= What the exercise asks =
For the data below, restate word for word only the lines from the line containing "Belmonte de Tajo" through the line containing "26 TUNA SASHIMI (5 pz)", both ends included.

= Records to process =
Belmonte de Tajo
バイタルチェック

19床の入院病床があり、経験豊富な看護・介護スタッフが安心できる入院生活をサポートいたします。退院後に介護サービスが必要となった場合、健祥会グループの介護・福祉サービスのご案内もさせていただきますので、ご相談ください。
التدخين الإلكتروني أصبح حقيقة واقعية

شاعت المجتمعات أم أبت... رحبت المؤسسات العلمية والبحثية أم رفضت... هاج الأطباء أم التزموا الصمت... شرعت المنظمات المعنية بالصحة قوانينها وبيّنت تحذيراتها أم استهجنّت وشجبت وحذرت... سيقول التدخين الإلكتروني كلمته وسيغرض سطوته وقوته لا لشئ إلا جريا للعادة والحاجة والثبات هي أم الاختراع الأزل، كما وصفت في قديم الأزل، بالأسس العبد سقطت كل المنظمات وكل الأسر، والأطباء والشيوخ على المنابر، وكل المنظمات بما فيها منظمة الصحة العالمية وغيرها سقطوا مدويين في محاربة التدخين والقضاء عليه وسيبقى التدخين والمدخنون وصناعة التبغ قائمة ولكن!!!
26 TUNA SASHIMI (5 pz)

...

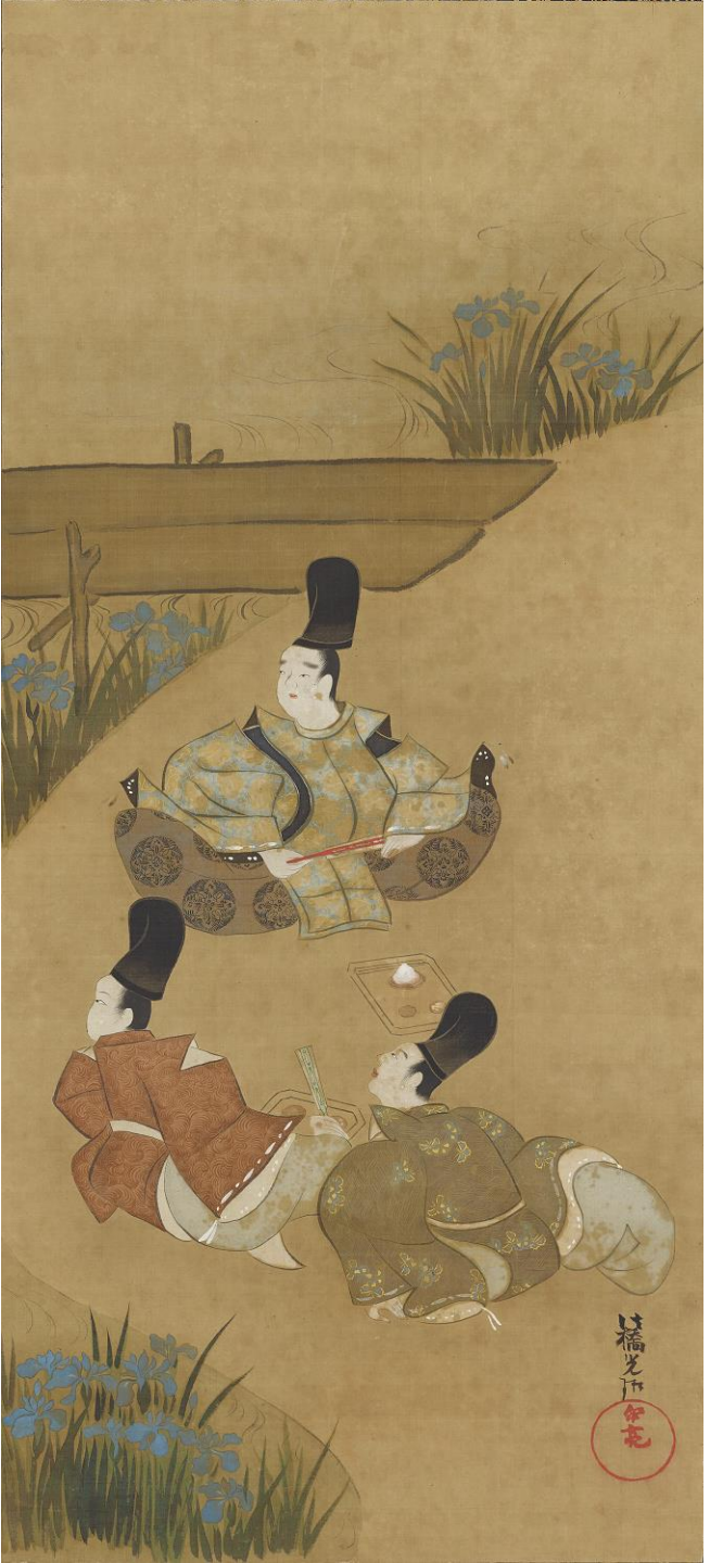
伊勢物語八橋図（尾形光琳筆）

= Task response =
Belmonte de Tajo
バイタルチェック

19床の入院病床があり、経験豊富な看護・介護スタッフが安心できる入院生活をサポートいたします。退院後に介護サービスが必要となった場合、健祥会グループの介護・福祉サービスのご案内もさせていただきますので、ご相談ください。
التدخين الإلكتروني أصبح حقيقة واقعية

شاعت المجتمعات أم أبت... رحبت المؤسسات العلمية والبحثية أم رفضت... هاج الأطباء أم التزموا الصمت... شرعت المنظمات المعنية بالصحة قوانينها وبيّنت تحذيراتها أم استهجنّت وشجبت وحذرت... سيقول التدخين الإلكتروني كلمته وسيغرض سطوته وقوته لا لشئ إلا جريا للعادة والحاجة والثبات هي أم الاختراع الأزل، كما وصفت في قديم الأزل، بالأسس العبد سقطت كل المنظمات وكل الأسر، والأطباء والشيوخ على المنابر، وكل المنظمات بما فيها منظمة الصحة العالمية وغيرها سقطوا مدويين في محاربة التدخين والقضاء عليه وسيبقى التدخين والمدخنون وصناعة التبغ قائمة ولكن!!!
26 TUNA SASHIMI (5 pz)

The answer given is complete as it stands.